しかし、その緩和策として、今、幼稚園でも2歳児から入園できる教育特区が注目されています。周知のとおり、幼児教育は人間形成の基礎を養う上で欠くことができないものであり、情操豊かな人間性、知性、創造力を備えながら、集団生活を通して基礎的生活習慣や自主性、社会性を身に付けることを目的としています。
近年、特に少子高齢化や核家族化が進み、地域社会全体の人間関係が希薄化してきたため、幼児期における集団教育の重要性の高まりとともに、幼稚園や保育所への期待やニーズはますます多くなりつつあります。
学校教育法によると、幼稚園は満3歳時から小学校就学時に達するまでの幼児が対象となり、2歳児は対象外となりますが、この教育特区の導入により、年度途中に満3歳を迎える幼児でも年度初めの4月から入園できるようになります。この制度導入により幼児の自立も早くなり、また母親にとっても時間の自由度が広がり、延長保育ともタイアップされ、母親の就業を支援する効果があると思われます。しかし、一方で、幼稚園に新設備を設けたり、教員を増やさなければならず、さらに行政からの就園奨励費等の支援がなければ成り立たないとも言われています。
道内においては、北広島市、恵庭市、富良野市が認定され、2年目に入っていますが、市民のニーズ、時代の要請として、この特区は増える傾向にあると思われます。市教委としても、次代を担う子供たちの健やかな成長と親が安心して子供を生み育てる環境づくりを目的として策定された次世代育成支援行動計画に基づき、この幼児教育特区についても、行動計画策定のみにとどまらず、実際に取り組むことを検討してはいかがでしょうか。見解をお伺いいたします。
次に、総合型地域スポーツクラブについてお伺いします。
今日までのスポーツ振興の経緯として、道では国のスポーツ振興法を受け、平成12年から平成19年までのスポーツ振興計画を策定し、道・市町村が一体的に連携して総合的にスポーツ振興に取り組む方向で来ています。
江別市のスポーツ振興においても、昭和60年から第1期、第2期、第3期と平成16年までのスポーツ振興計画を策定したところです。また、社会情勢の変化や市民スポーツ活動のニーズを先行的にとらえながら、スポーツ事業拡充のため、スポーツ関連施設の効率的運営をゆだねる公益的法人化に向け、平成4年6月に江別市スポーツ振興財団の設立を実現するまでに至っています。
さらに、平成16年には第5次江別市総合計画が策定され、市民スポーツ活動の充実を施策とした総合型地域スポーツクラブ育成事業が平成16年1月18日に上江別地区のモデルクラブとして設立され、これからの地域スポーツ振興モデル事業としてその一歩を踏み出したところです。

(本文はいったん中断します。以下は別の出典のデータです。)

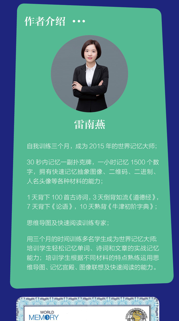 世界记忆大师雷南燕亲笔写就,毫无保留分享自己提高记忆力和阅读力的心得

クラブ名を地域スポーツクラブきらりと名付け、PTA、学校、自治会、体育指導委員、スポーツ団体等の組織が構成団体となり、平成15年度には当初クラブ会員数103名でしたが、平成16年度においては222名と増加しています。
財源的収入は、会員からの年会費や受講料と市からの補助金から成り立っていて、補助金の内訳は、今年度においては特定財源から220万円、また独立行政法人日本スポーツ振興センターからの、いわゆるサッカーくじの助成金約173万円であります。主な支出としては、講師への謝金とクラブマネジャーの人件費が大半を占めているようです。したがって、収入源の多くが補助金から成り立っていますが、市からの補助金も財政的に厳しい現況での予算付けとなり、また日本スポーツ振興センターからの助成金も不安定財源であり、今後多くは見込めない状況となってきているところです。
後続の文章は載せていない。